# Construction and validation of a novel diagnostic model for esophageal squamous cell carcinoma: an integrated analysis of multi-omics data

**Authors:** Yiyuan Cui, Sicong Li, Zhibin Wu, Yue Jin, Jingjie Yu, Yufan Chen, Jiayang Chen, Jinyuan Chang, Yijing Yan, Xinyu Li, Nuo Li, Shengjuan Hu, Chenxin Zhu, Li Feng

PMC · DOI: 10.3389/fimmu.2026.1685902 · Frontiers in Immunology · 2026-02-13

## TL;DR

Researchers developed a new diagnostic model for esophageal squamous cell carcinoma using multi-omics data and identified five key genes for early detection.

## Contribution

A novel diagnostic model for ESCC using integrated multi-omics data and identification of five robust biomarkers.

## Key findings

- A diagnostic model with five genes achieved high accuracy (AUCs of 0.99 and 0.97) in training and validation sets.
- SORBS2 was identified as a tumor-suppressor gene predominantly expressed in myofibroblasts in ESCC tissue.
- Single-cell RNA analysis revealed myofibroblasts as the main source of SORBS2 expression in tumor tissue.

## Abstract

Esophageal squamous cell carcinoma (ESCC), highly prevalent in China, has a limited number of ideal genes for early diagnosis, highlighting the need for the development of novel biomarkers to improve detection capabilities. The purpose of this study is to develop and validate a new genetic diagnostic model for ESCC.

Publicly available bulk RNA-seq datasets (GSE23400, GSE17351, GSE20347) were merged to identify differentially expressed genes (DEGs) between ESCC and adjacent normal tissues. Weighted gene co-expression network analysis (WGCNA) and protein-protein interaction (PPI) were performed to identify hub genes associated with ESCC. We identified the intersecting genes between the DEGs and those within the ESCC-related module identified by WGCNA. We subsequently refined these intersecting genes via LASSO regression and then constructed a diagnostic model for ESCC using multivariate logistic regression. ESCC samples from the TCGA database were used as the external validation set. Validation of the identified protective factor was conducted through Western blotting (WB) in mouse ESCC models and immunofluorescence (IF) in human tissues. Additionally, single-cell RNA analysis was conducted to explore the cell types expressing the marker genes.

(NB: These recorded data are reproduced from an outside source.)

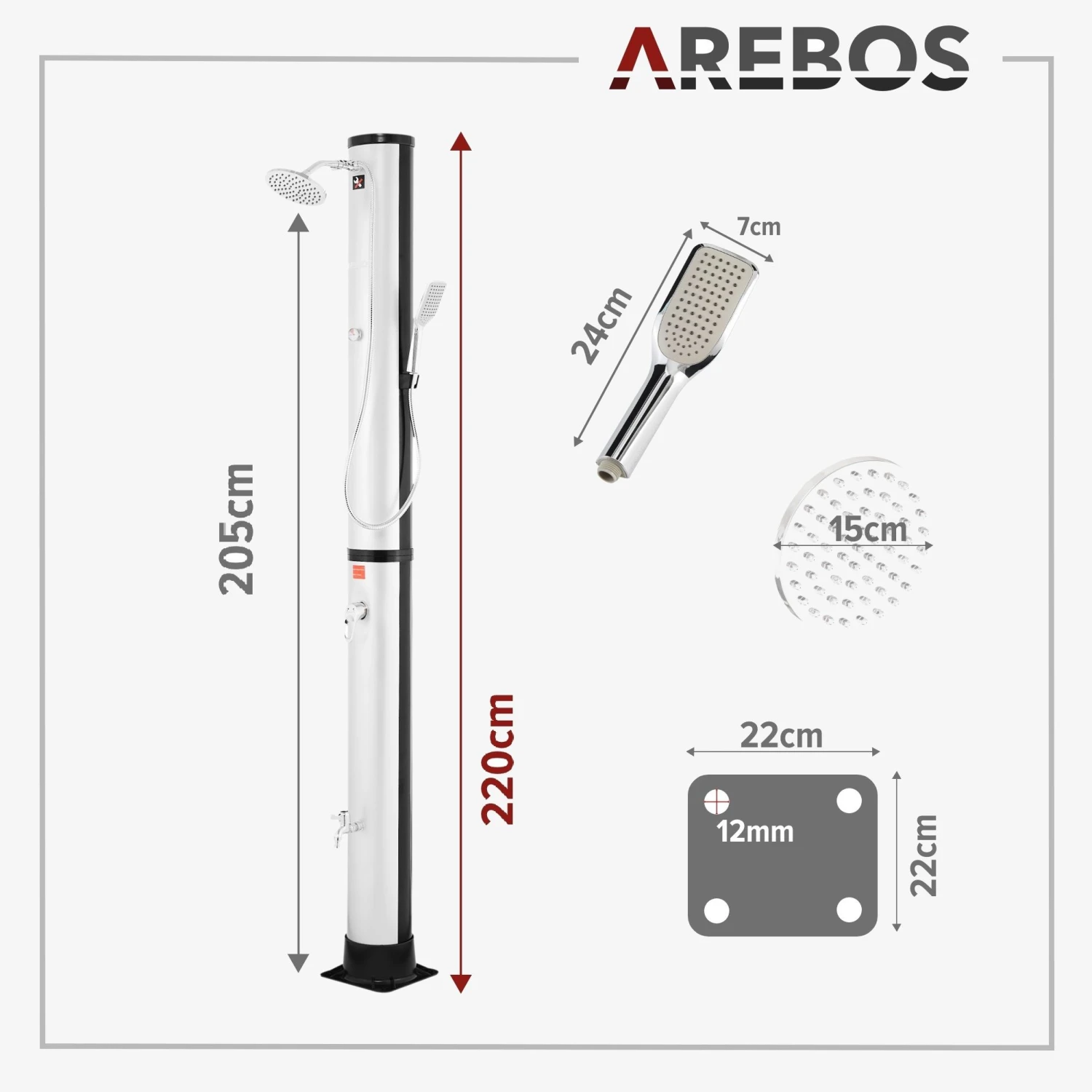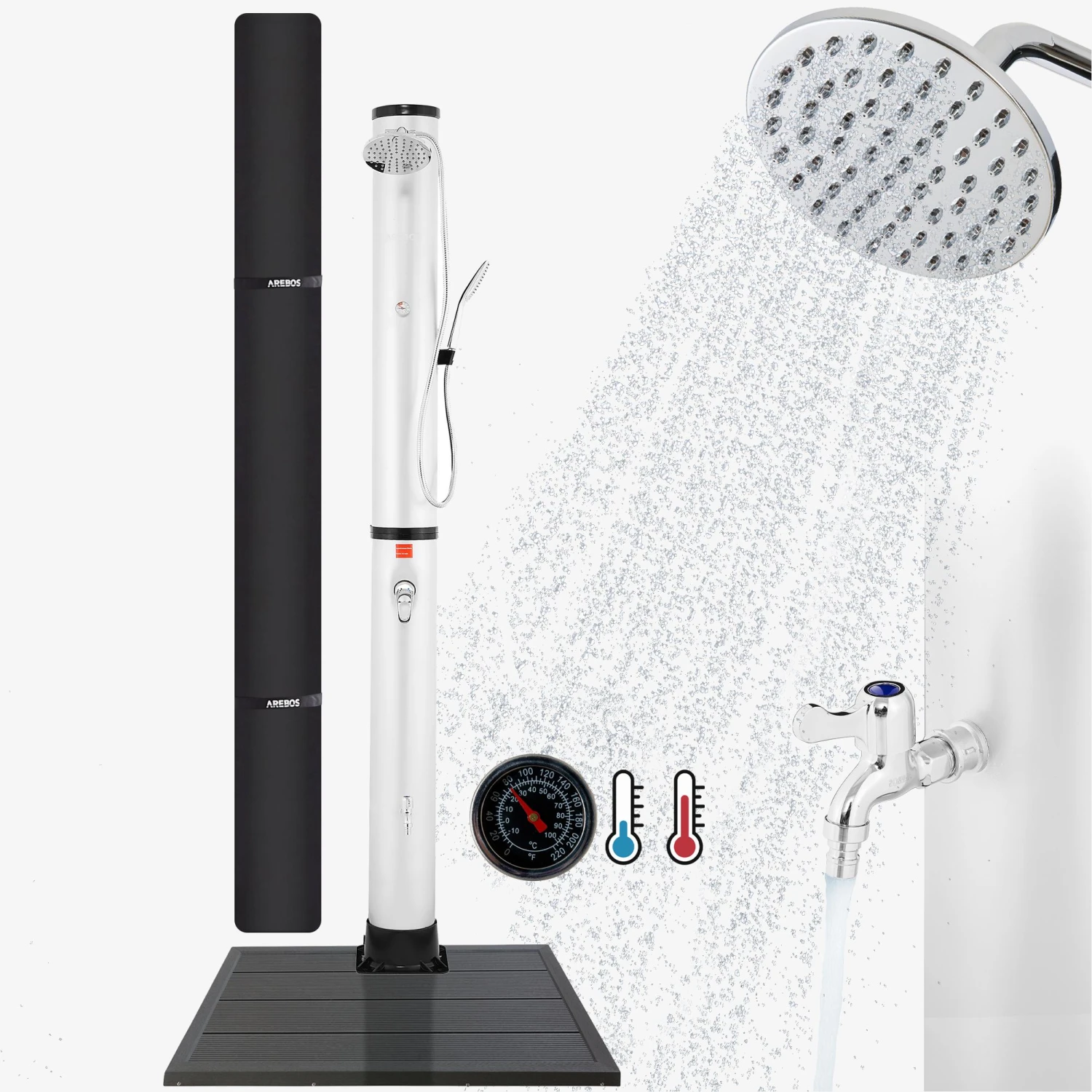 AREBOS Solardusche 40 L mit Thermometer und Handbrause
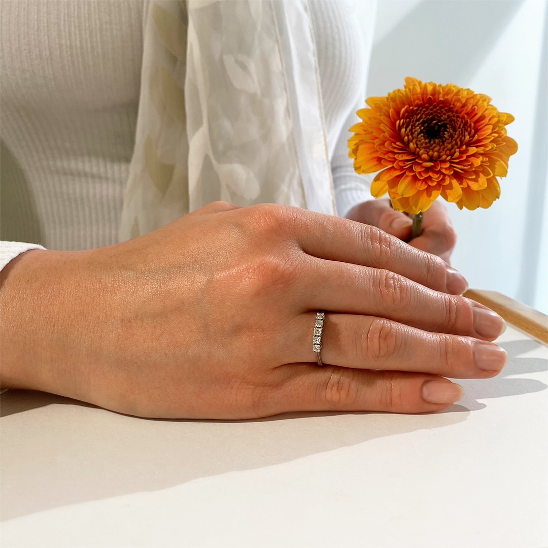 Dieser elegante Reihenring aus 585 Weißgold ist mit fünf funkelnden Brillanten besetzt, die im Weißgold besonders schön zur Geltung kommen. Die Brillanten sind aneinandergereiht gefasst und haben insgesamt ein Gewicht von 0,25ct. Der Ring kann entweder alleine oder in Kombination mit anderen Ringen getragen werden und verleiht jedem Outfit eine elegante Note. Das zeitlose Design des Rings macht ihn zu einem Schmuckstück, das Sie immer wieder gerne tragen werden. Der Ring ist eine wunderbare Geschenkidee für einen besonderen Anlass oder um sich selbst zu verwöhnen. Der Ring ist in der Weite 56 lagernd.
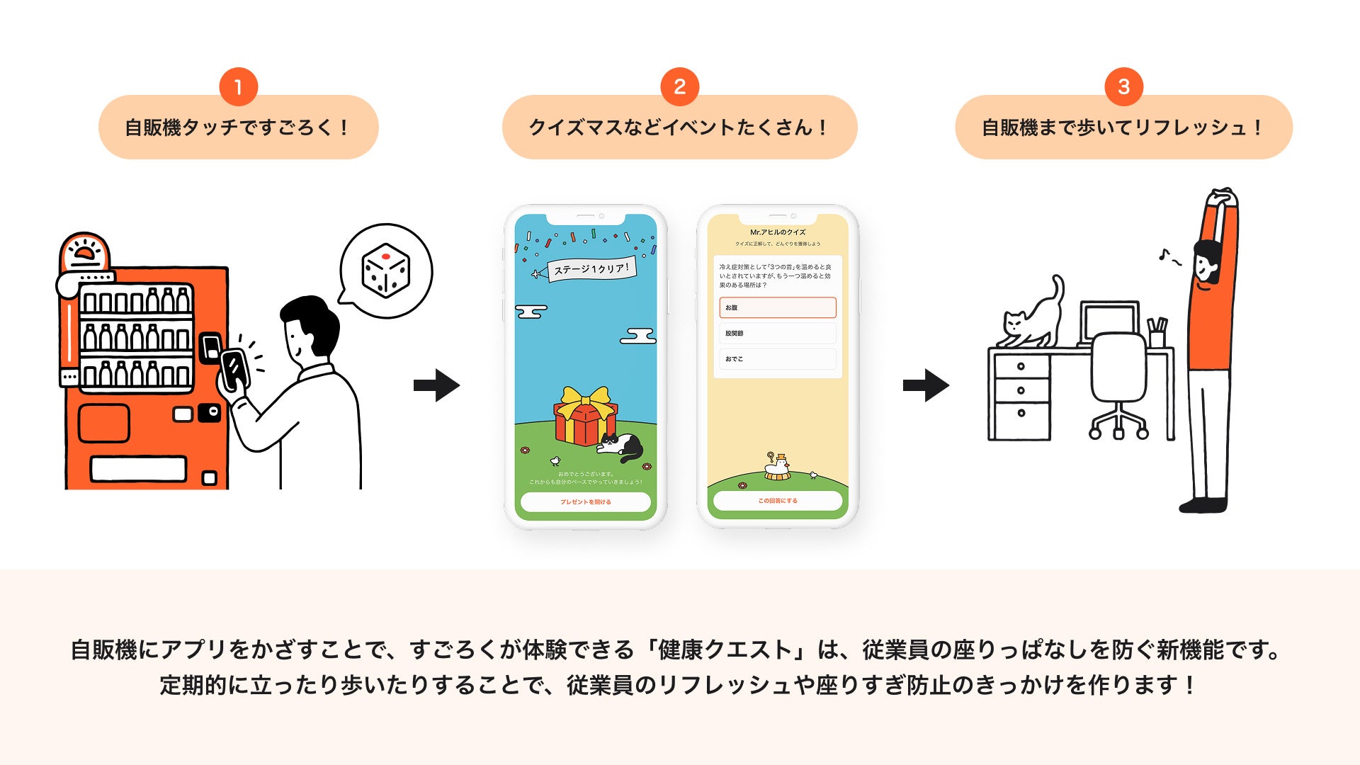 自販機にスマホを接触させると「すごろく」ができる新感覚の健康アクション
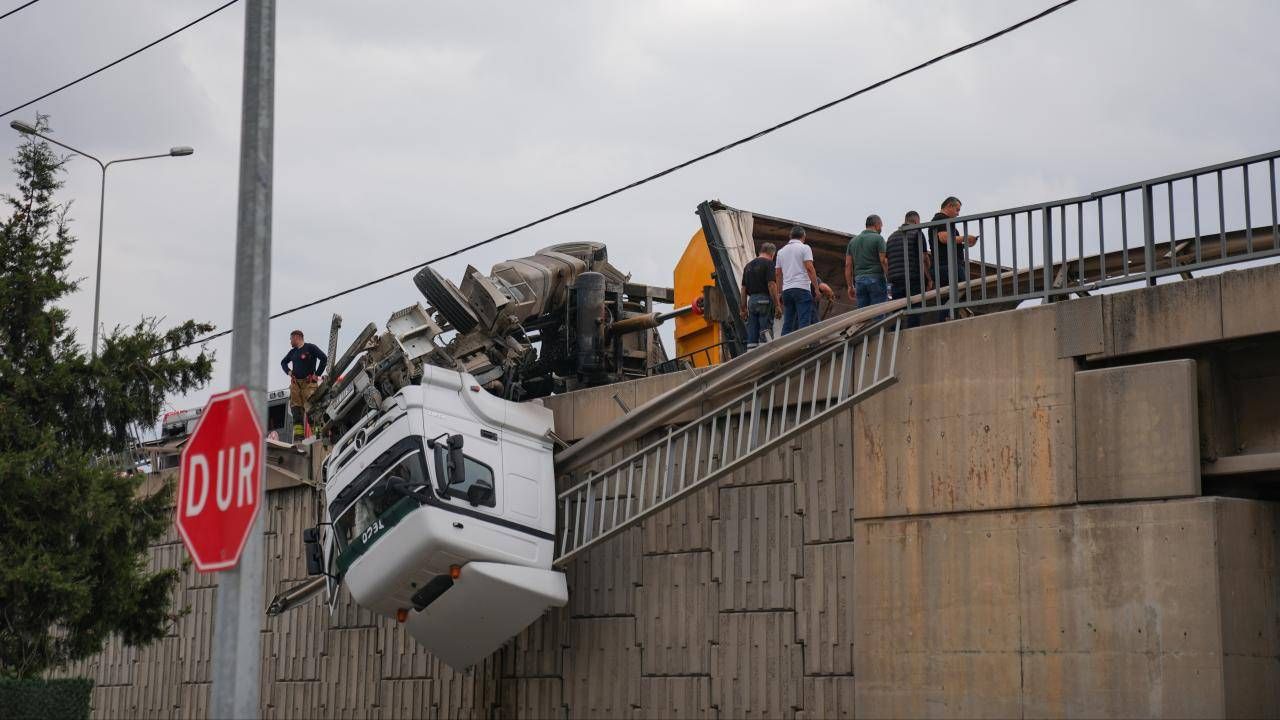 İ.Ö. idaresindeki tır, Ankara Caddesi 4. Sanayi Kavşağı'nda seyir halindeyken sürücüsünün kontrolünü kaybetmesi sonucu devrildi. Sürüklenen tır, viyadükte asılı kaldı.

113 upregulated and 173 downregulated genes were found in the ESCC groups. WGCNA identified the blue module (13 genes) as most correlated with ESCC. We obtained a total of 13 intersecting genes. Among them, five genes formed the diagnostic model: Logit(P) = −24.4547 + 2.0567×BID + 0.7396×CBX3 + 2.3757×ECT2 + 0.5667×KIF14 − 2.1019×SORBS2. The model achieved AUCs of 0.99 (training set) and 0.97 (external validation set). SORBS2 was the only potential protective factor in the model. WB indicated higher expression levels of SORBS2 in the adjacent normal esophageal tissue compared to those in the ESCC tissue. single-cell RNA analysis revealed that myofibroblasts are the predominant cellular source of SORBS2 expression within ESCC tumor tissue. IF confirmed lower level of SORBS2 expression in myofibroblast in the ESCC than those in the adjacent normal esophageal tissue.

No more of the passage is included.